On 14 February, Newcastle comrades and supporters attended a rally called by the Together Alliance, the latest manifestation of opportunist forces involving Stand Up To Racism, Socialist Workers Party, Show Racism the Red Card, and various trade unions. Around 200-250 people attended, and the political level of the event was appallingly low, with speaker after speaker offering nothing but empty platitudes against racism about love, hope, and unity.
Despite almost 60,000 deportations by the current Labour government, despite the crushing of peaceful protest by migrants in detention centres on 14 January by riot police with tear gas and dogs, despite increasing repression of refugees, asylum seekers, and migrants, not one word was uttered about state racism. By refusing to speak out on state racism, Together Alliance is exposed as an effort to launder the Labour party’s increasingly toxic image. Instead, it was pleaded that migrants are needed to prop up key systems like the NHS, suggesting that this layer of highly exploited migrant workers matter only insofar as they allow the better-off sections of the working class to maintain their high standard of living.

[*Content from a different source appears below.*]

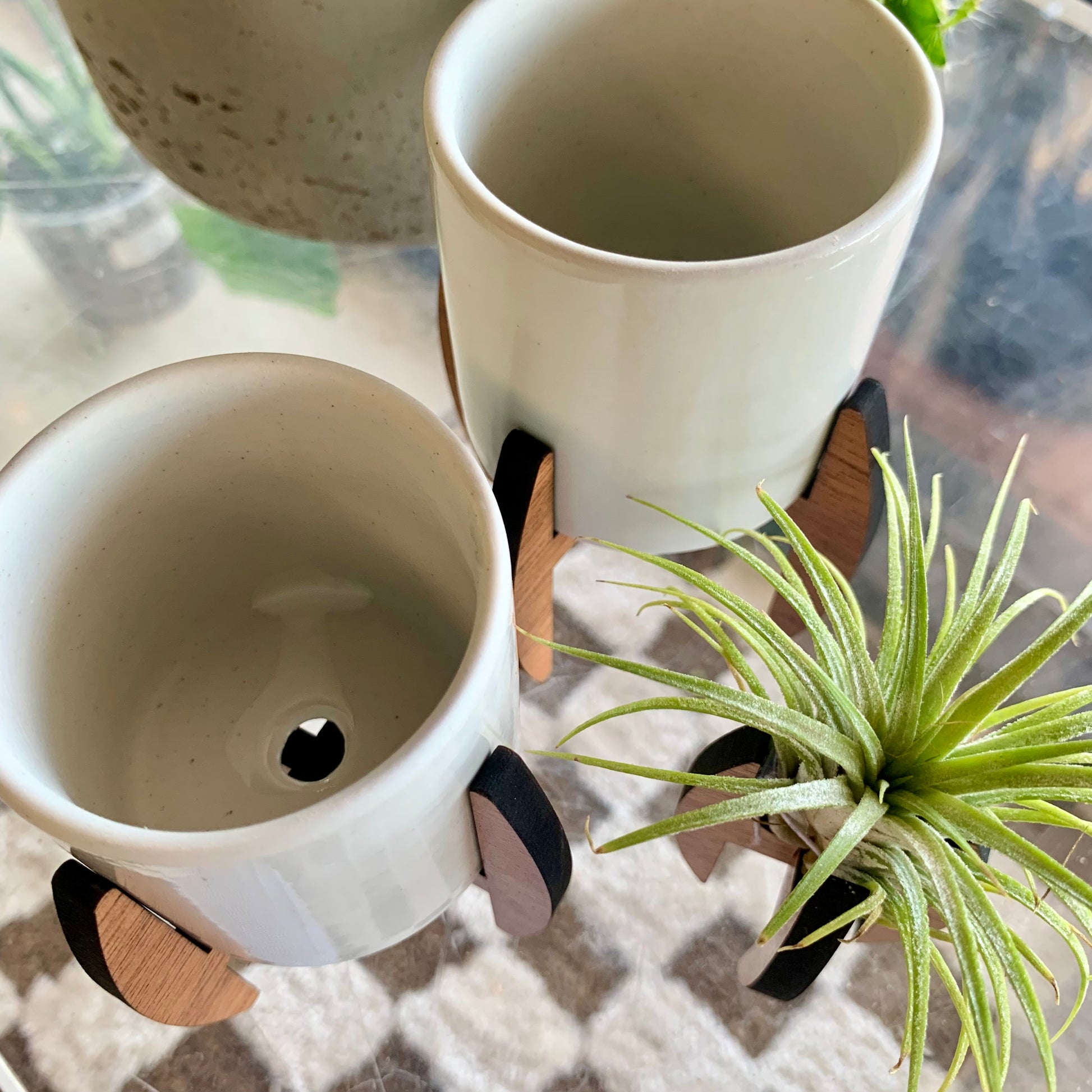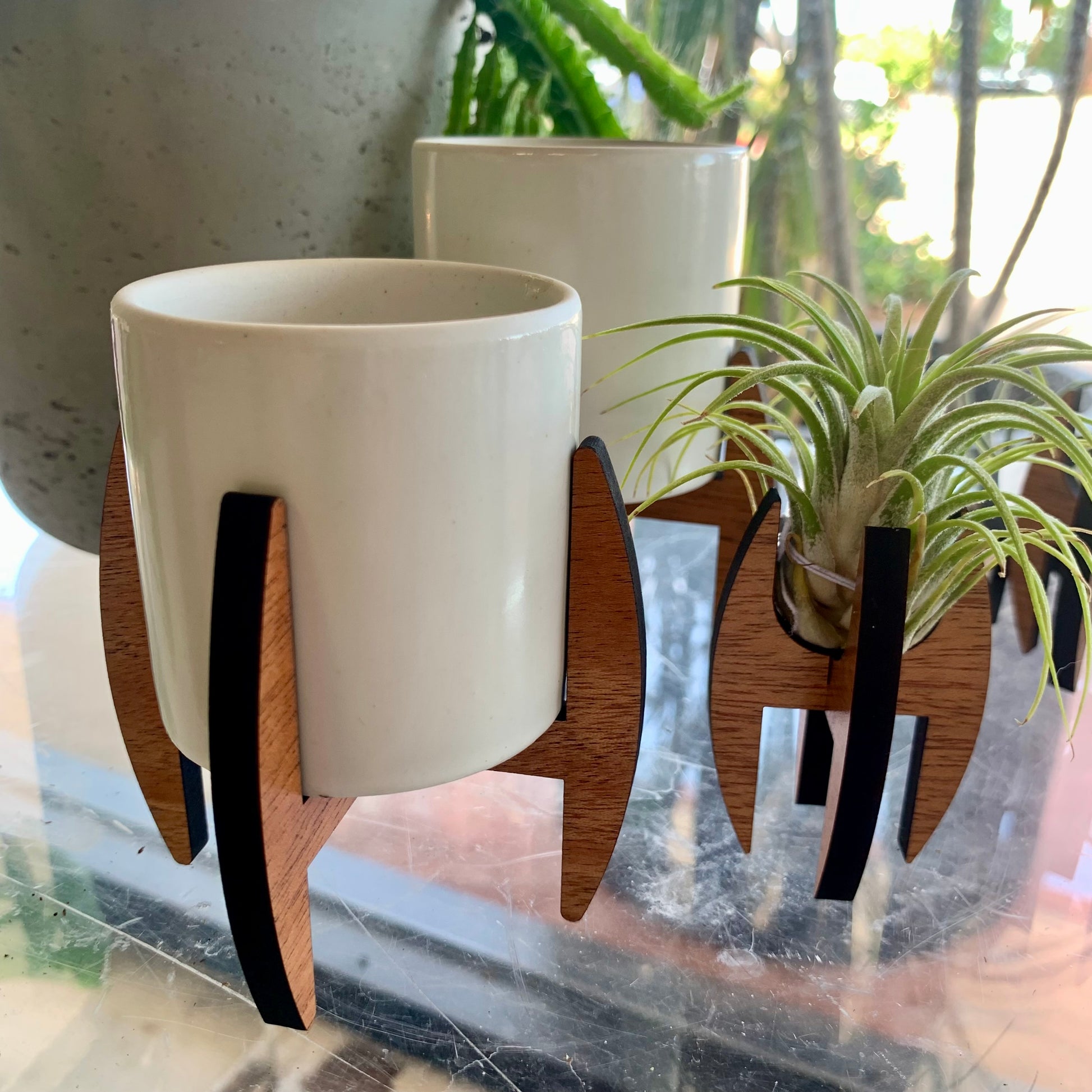 This charming and practical mini ceramic planter features a mid-century inspired design. The 2-inch plant pot is ideal for succulents, cacti, and air plants. The plant stand is crafted from beautiful mahogany wood and can be reversed to create two different heights and styles, adding a touch of mid-century modern flair to any space.

Like at the London Together Alliance rally, we were expecting a Labour representative to speak on the platform, but none showed their face. We heckled and challenged the platform in between speakers on the silence regarding state racism under the Labour government. They couldn’t scrape together a response. The only figures that were called out by the Together Alliance platform were Donald Trump, Nigel Farage and Tommy Robinson. These rallies strip away completely the class character of anti-racism, reducing it to an issue that can simply be wished away if we’re all nice enough. Refusing to analyse the root cause of racism in Britain, which is imperialism, ensures that no serious challenge is ever posed to the British state, which is the main driver of racism in Britain, not Trump, Farage or Robinson. While the platform spoke in support of those fighting against violence from ICE in the US, no parallels were drawn whatsoever to the similar conditions of violence and repression faced by migrants here in Britain by the Border Force and Immigration Enforcement.
The vast majority of the crowd that we spoke to agreed that the political level was on the floor, and that it was shocking that the Labour party had been allowed to speak on the platform at the London event. People are fed up with the ineffectual, liberal mainstream anti-racist movement, a more radical one must take its place. We must look to those in Minneapolis as a shining example, who are banding together to protect their neighbours and communities from the depraved, racist state violence. Every migrant has the right, here to stay, here to fight!